2.2.3. Post treatment

After treatment, the rats were monitored and observed individually every thirty minutes during the day and then daily for 14 days. An information collection card was drawn up for each rat in order to collect any signs of toxicity (changes in the skin, hair, eyes, appearance of oedema, as well as the respiratory system, death). The following examinations were conducted.

Hematological Examinations. The hematological examinations were carried out using a SYSMEX KX 21N. These included red blood cell count, white blood cell count, and determination of the hemoglobin (Hb), hematocrit (HTE), mean corpuscular volume (MCV), the mean corpuscular hemoglobin (MCH), and mean corpuscular hemoglobin concentration (MCHC).

Biochemical Examinations. These were urea, creatinine, and transaminases.

Histological Examinations.
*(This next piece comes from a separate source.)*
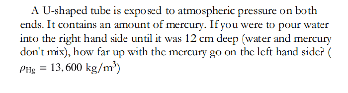 The discussion revolves around a problem involving hydrostatic equilibrium between water and mercury in a tube system. Participants are analyzing the relationship between the heights of water and mercury based on their respective densities and the atmospheric pressure acting on both sides.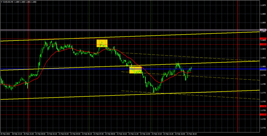 Торговые рекомендации и разбор сделок по EUR/USD на 24 февраля. Рынок не отреагировал на новые пошлины.

Histological sections were made at the histopathology laboratory of ISBA and the pathomorphological study consists of the staining with hematoxylin of thin sections of 5 μm thickness and observation under an optical microscope. Histological analysis of the liver and kidney was performed according to the basic techniques described by Smith and Bruton (1977).

The organs were previously fixed in Bouin’s liquid and in 10% buffered formalin.

2.2.4. Removal of Organs

During this step, the livers and kidneys were removed and fixed with Bouin (formalin + picric acid + acetic acid) and 10% buffered formalin. The resulting slices were placed in carefully labeled histological cassettes (3.0 x 2.5 x 0.4 cm).

2.2.5. Traffic

This stage has three substeps: dehydration, lightening, and impregnation. The dehydration consisted of ridding the tissue of all traces of water (the Bouin liquid being aqueous and the water immiscible in impregnation/inclusion medium that is paraffin). To achieve this, the biopsies were kept in ethyl alcohol baths (organic dehydration solvent) of increasing concentrations: at 70° for one hour, at 80° for one hour, at 95° for one hour, and this three times, continued at 100° for 45 minutes twice in a row. The lightening consisted of replacing the dehydrating solvent with a so-called “transition” solvent miscible with paraffin: toluene.

To do this, the tissues stayed in two xylene baths, each for one hour. The impregnation consisted of replacing the transition solvent with paraffin to make them softer and easier to cut. To do this, the tissues stayed in two successive baths of melted paraffin, each for one hour.

2.2.6. Inclusion

Inclusion provided an external support for the tissues, which allows a good realization of microtome sections. After wax impregnation, the tissues were removed from the cassettes, introduced into molds filled with melted paraffin, and solidified on a cold surface after proper orientation of the tissue in the block.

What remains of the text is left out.